The second time I saw myself approach a cottage. Inside the cottage was a quill, parchment, and a map on a bulletin board. There was a place marked "Where I Want To Be" and a place marked "Where I Am Now." In between those two places was a variety of paths. Ideas of what those paths and trails represented came to me. The feeling of being stalled dissipated. I felt inspired.

This thirty-day experiment was definitely working.

Perhaps I was getting cocky, thinking I had mastered meditation and was now immune to the pressures of the world. I was still indulging in my OCD rituals, but managing to confine that indulgence to the more harmless ones—the ones that I do without thinking and looping and obsessing and stressing. To let go of every compulsion completely would feel like letting go of me. I wasn't sure I wanted that.

So there I was, floating through life, more gracious, more patient, and probably sexier (this is how good I was feeling). And then, on the evening of my 26th day of this experiment, something triggered my anxiety. I felt the coil tighten and the tunnel vision began to limit my view.
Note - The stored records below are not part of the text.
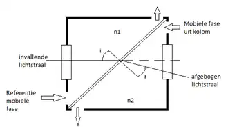 De brekingsindexdetector (RI-detector) is gebaseerd op het principe van de brekingsindex (refractie-index). De detector bestaat schematisch uit twee compartimenten, waarvan één is gevuld met pure mobiele fase en één met de mobiele fase, die van de kolom af elueert. In de praktijk gebeurt het vaak dat de optische eigenschappen van deze media verschillen, en vaak komen deze fases slechts bij één golflengte overeen. Het uitgezonden licht is daarom praktisch altijd monochromatisch. Wanneer er een stof uit de kolom elueert, verandert deze stof de optische eigenschappen van de mobiele fase, waardoor ook de refractie-index verandert. Deze verandering van de refractie-index wordt gevisualiseerd in de vorm van een verandering van de hoek van de uitgezonden lichtstraal. Door middel van terugkoppeling kan deze verandering geregistreerd worden en uitgezet. De detector registreert zowel positieve als negatieve pieken, waardoor de nullijn van de grafiek in het midden is uitgezet.
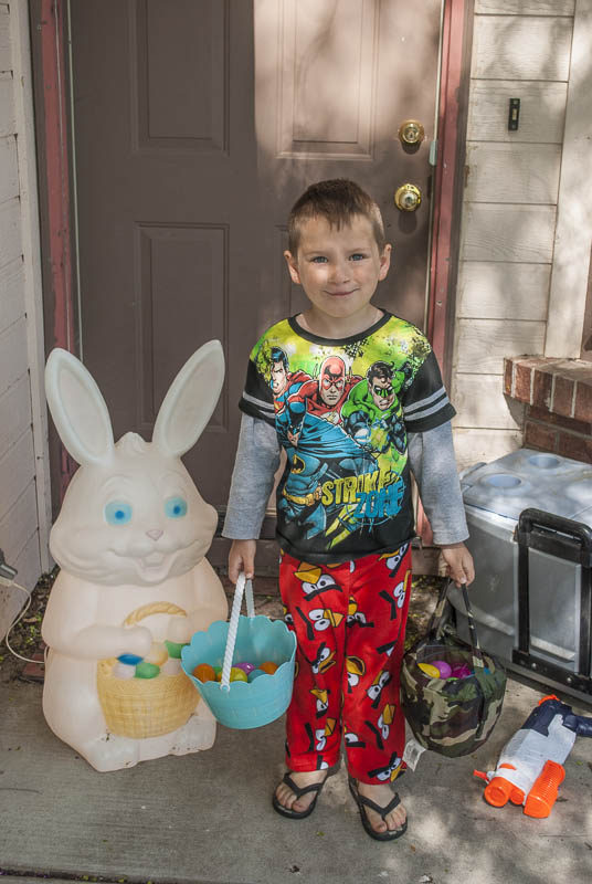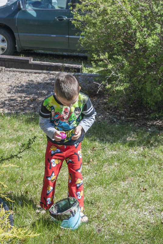 This year for Easter we did our traditions, we had an Easter egg hunt in our front yard and colored eggs. We have a ton of eggs so the kids each get to find 2 baskets full. Jaelee is super fast at finding eggs, she goes all out. Jayse likes to move a little slower so he doesn’t find as many and is left to find the harder ones.
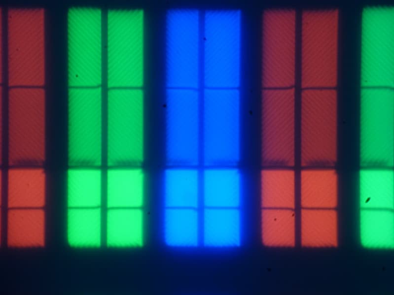 Цвета на экране имеют естественную насыщенность, так как большинство изображений предполагают просмотр на устройствах с охватом sRGB. Ниже приведен спектр для белого поля (белая линия), наложенный на спектры красного, зеленого и синего полей (линии соответствующих цветов):
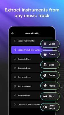 Lebih dari sekadar penghilang vokal, Musiclab adalah kotak perkakas lengkap untuk kreativitas musik Anda. Ingin menghilangkan drum untuk menciptakan irama baru, atau mengisolasi bass untuk fokus pada melodi? Aplikasi ini memungkinkan Anda dengan mudah menonaktifkan atau bahkan memperkuat volume instrumen spesifik seperti drum, bass, piano, atau gitar. Selain itu, fitur peredam kebisingan internal memastikan kualitas audio Anda jernih dan bebas gangguan. Rekam, latih, atau ciptakan kembali karya musik Anda dengan presisi, lalu bagikan hasil mix atau trek terpisah Anda dalam kualitas audio tinggi, siap untuk kreasi selanjutnya atau sebagai bahan latihan yang sempurna.
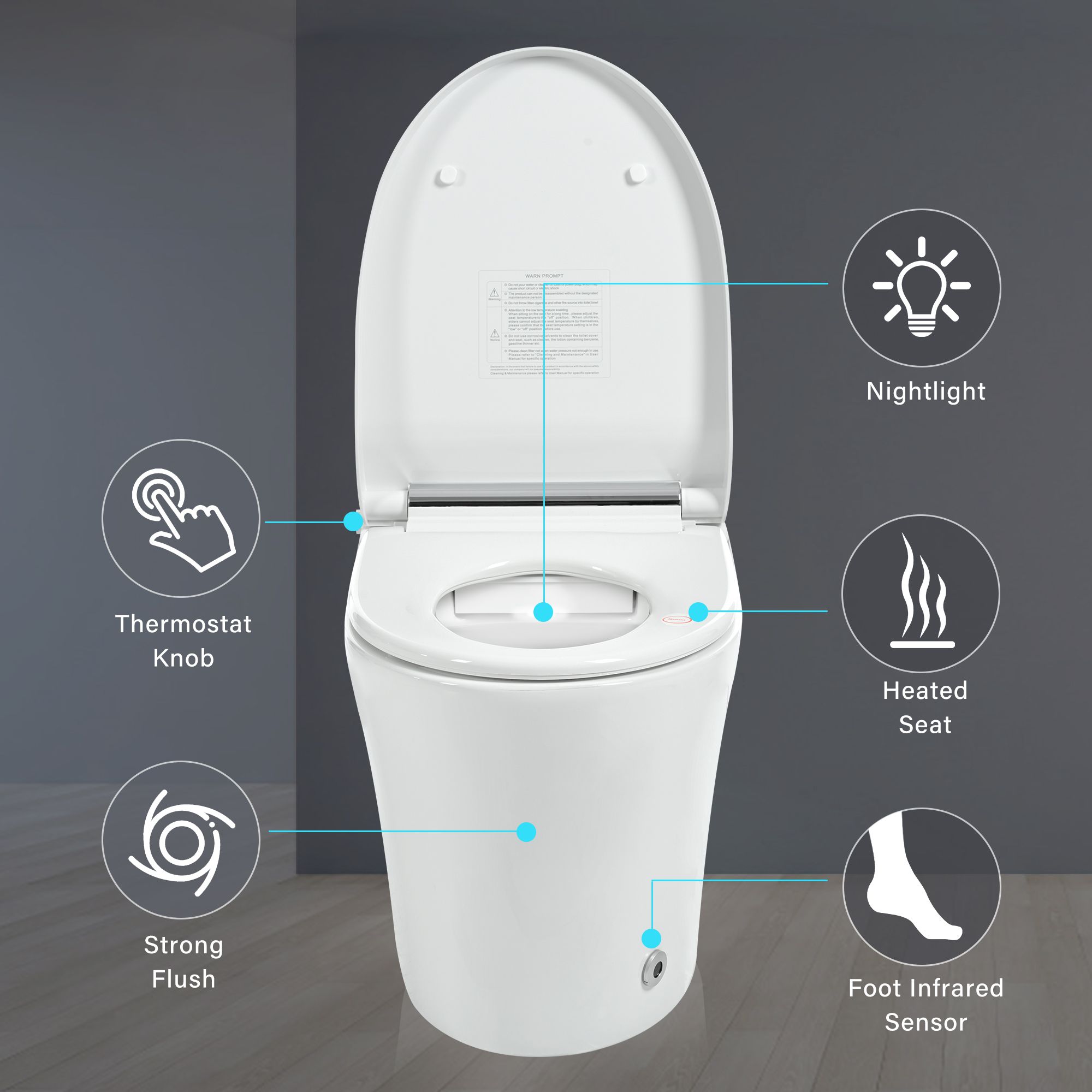Simple Functions To Protect Your HealthElongated Smart Toilet: A one-piece, elongated modern toilet designed for ultimate convenience and comfort.One Knob Control : Easy to use, a knob can be used to control the shut-off of the seat heating, and can also be used to control flushing.Elongated Heated Seat: 4 Levels Adjustable Seat Temp from normal ,91.4℉,96.8℉,to 104℉.Strong Flush: The ceramic bowl’s top and bottom are double-flushed to get rid of stains all at once.Occasionally there is no fear of power failure. The built-in powerful battery can flush water approximately 2500 times.Foot infrared Sensor: Convenience of life while freeing your hands. After using the toilet, flush the toilet through the foot induction method.LED Soft Night Light: It presents a clean color look, and not hard your eyes in the dark. Avoid slipping in the bathroom.

When I am at my lowest it feels as though someone else has moved into my head. My life becomes a movie I am watching, not participating in, and that asshole in my head makes it hard to see what's in front of me, to hear what people are saying. Making new rules for myself and indulging in those compulsions becomes all-encompassing. I make and remake my bed over and over again. I give myself weird dietary parameters. I am not myself. I am at the mercy of a jerk who has claimed squatter's rights in my brain.

On Day 27, I walked into my room, shut the door, and sat in front of a window. On went the therapist-approved music, crisscross applesauce went my legs. As I listened to the music that was supposed to help me feel ultimate relaxation, I cried. I cried through the whole twelve minutes, mentally scrambling to get a handle on who I was, pushing that dark passenger out of my head so I could have my brain back.
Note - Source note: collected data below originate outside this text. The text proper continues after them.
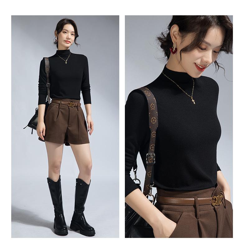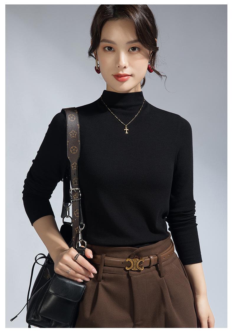 Primera Capa de Cuello Alto para Mujer Otoño Invierno 2025 Cuello Alto Lana Seda Térmica Forro Polar Grueso Ropa Interior Top de Moda
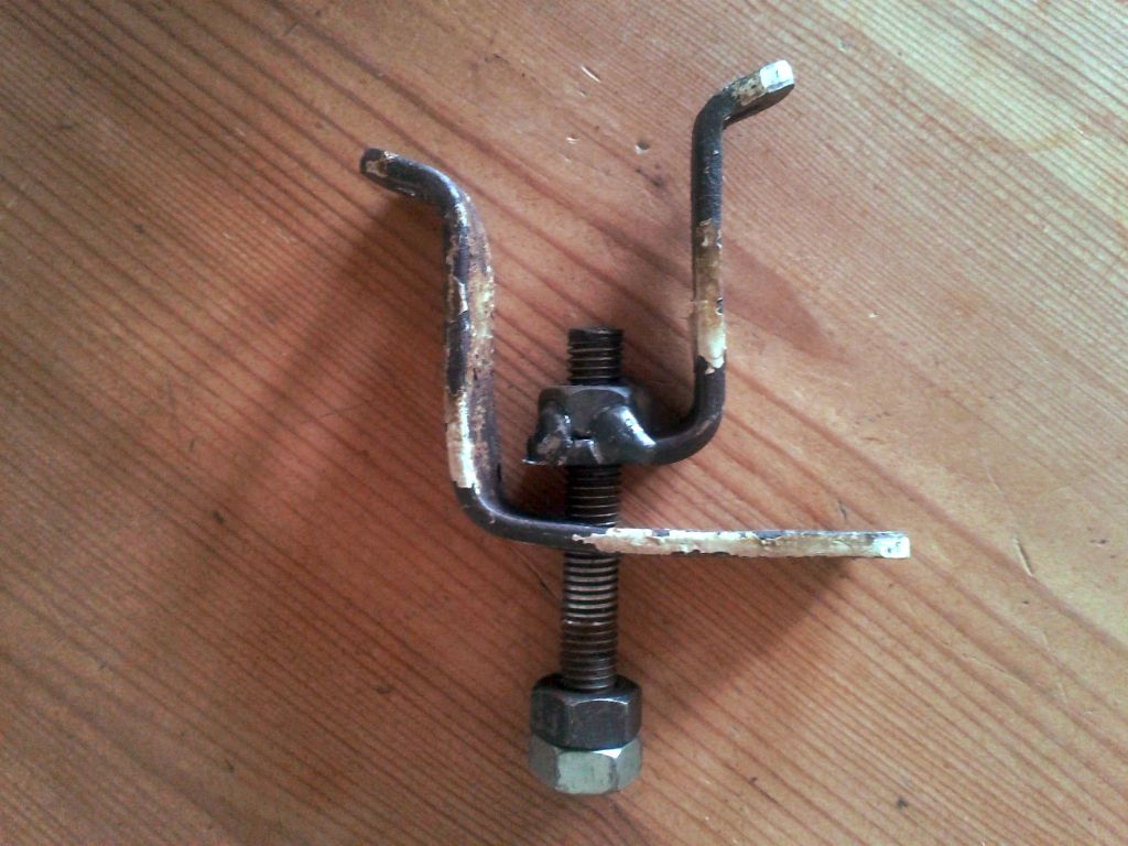 Damit flutscht er fast heraus. Wichtig ist, zwei unverbundene schmale Flacheisenstücke zu nehmen. Dann zuerst das mit der angeschweißten Mutter "einhängen", dann das andere. Danach beide schön gegenüber ausrichten und ein Stück 10mm Gewindestange einschrauben, an deren anderem Ende zwei Muttern gekontert sind. Am besten legt man dann auf das Getriebgehäuse ein dickes Stück Flacheisen quer über den Flansch, um die hereindrehende Gewindestange "aufzufangen". Ich glaube aus den Fotos wirds schlüssig.
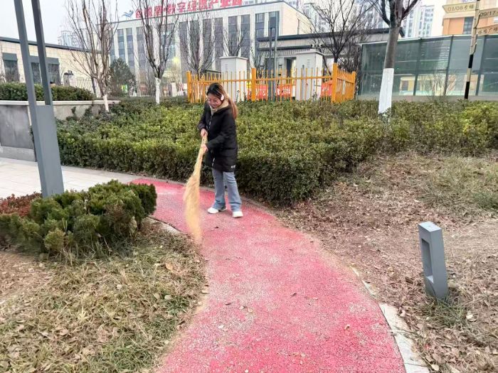 此外,实践团的成员们还对社区主要道路及广场区域进行了全面清扫。他们清扫了路面的落叶、尘土与零星杂物,维护了公共区域的洁净,改善了社区居民的居住与活动环境。
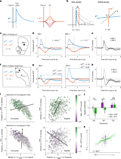 a, Angular velocity, signed by congruence, aligned to cue onset averaged across correct (blue) and incorrect (red) incongruent trials for one example mouse. b, ΔF/F aligned to cue onset averaged across correct (blue) and incorrect (red) trials for two example recording sites in the same mouse. Recording site locations indicated in c. c, Horizontal (top) and sagittal (bottom) maps of the difference in dip magnitude between correct and incorrect trials. Colour of each bubble (recording site) represents the difference, with positive values indicating a larger dip for correct trials. d, Spatial coefficients representing the magnitude and direction of the variation in the difference in cue-evoked dip magnitude between correct and incorrect incongruent trials at recording sites with a significant dip on either trial type (ML: t127 = 4.74, p = 1.66 × 10−5; AP: t127 = 4.01, p = 3.06 × 10−4; DV: t127 = 5.21, p = 2.25 × 10−6; n = 131 sites, 10 mice, two-sided t-test on effect of location on dip magnitude difference in a LME, Bonferroni corrected). e, Vector showing the axis of maximal variation in dip magnitude difference, based on the coefficients in d. \(\underline{R}\), Rayleigh’s coefficient, S* = 22.38, p = 5.43 × 10−5. Thin lines represent individual mice. Shaded regions and error bars in all plots are 95% confidence intervals around the mean (a,b) or LME coefficient estimates (d).
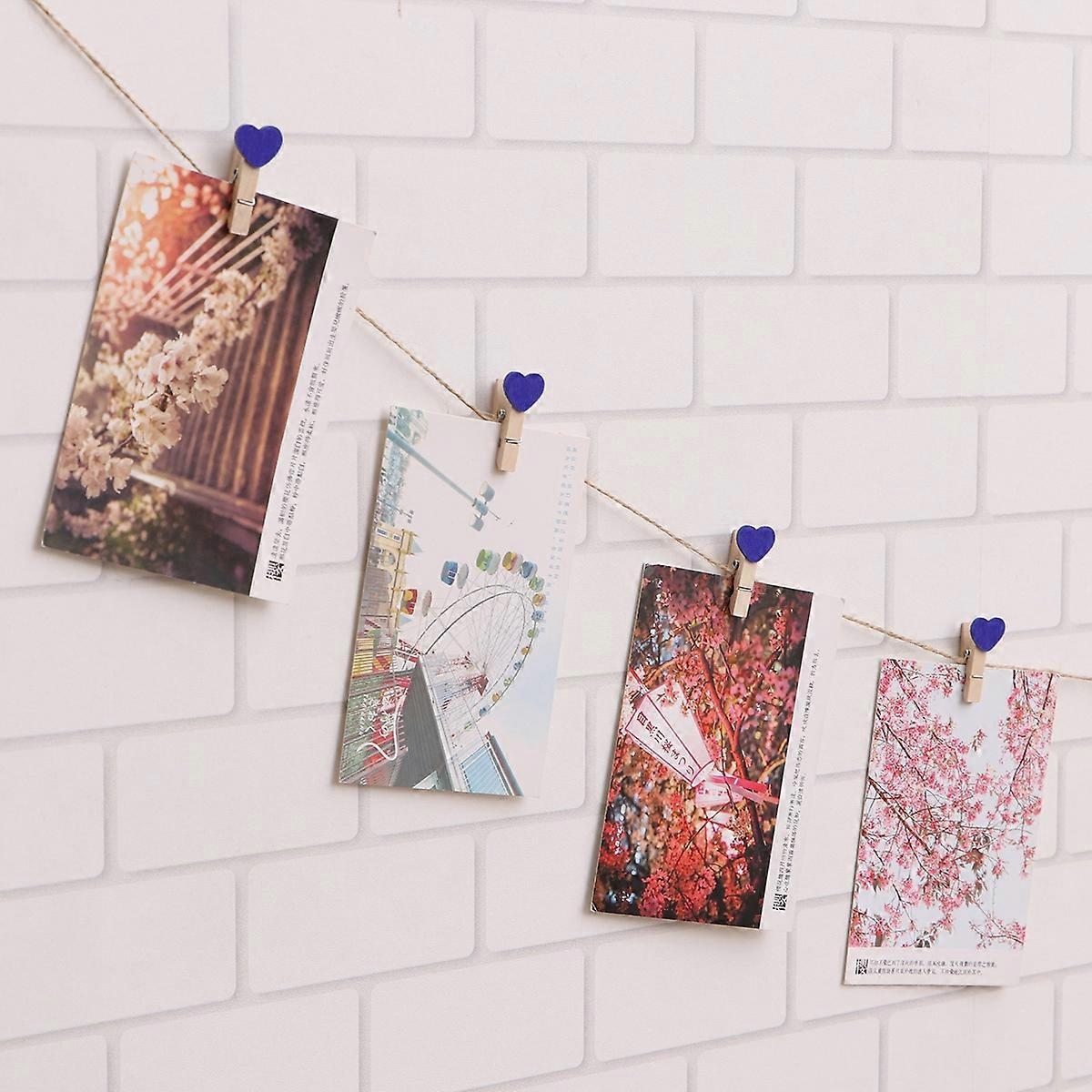 30pcs Blue Wooden Photo Clips Heart Clothespins for Wedding Party Decor and Crafts

At the end of the twelve minutes I opened my eyes. I released the boulder of anxiety that had taken the place of my heart. I breathed in and then out.
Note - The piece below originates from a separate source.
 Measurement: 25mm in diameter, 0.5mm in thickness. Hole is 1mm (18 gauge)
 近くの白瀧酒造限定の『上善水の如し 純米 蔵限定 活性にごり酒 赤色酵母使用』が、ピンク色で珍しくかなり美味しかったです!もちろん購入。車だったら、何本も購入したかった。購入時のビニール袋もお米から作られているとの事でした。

This experiment was only intended to last a month. I gave Jerry Seinfeld and Mandy thirty days to make me better. While my OCD has not been cured, I have a new tool to help me deal with it when it overwhelms me. I have a thus far foolproof way to shoot down the circling vulture that is my anxiety. Meditation has given me an excuse to be still and the bravery to release the negativity that once clung to me.

As for my career, I'm not swimming Scrooge McDuck-style through gold doubloons and fielding a constant influx of calls from the powers that be, but I can see opportunities I could not before. I can see how they form a path, leading me from Where I Am Now to Where I Want To Be.

And, if there's one thing the images from my meditation sessions have taught me—you know, besides that I clearly watch too much television and too many movies—it's that the answers are all there. I just need to take a deep, cleansing breath, close my eyes, and wait for them to appear.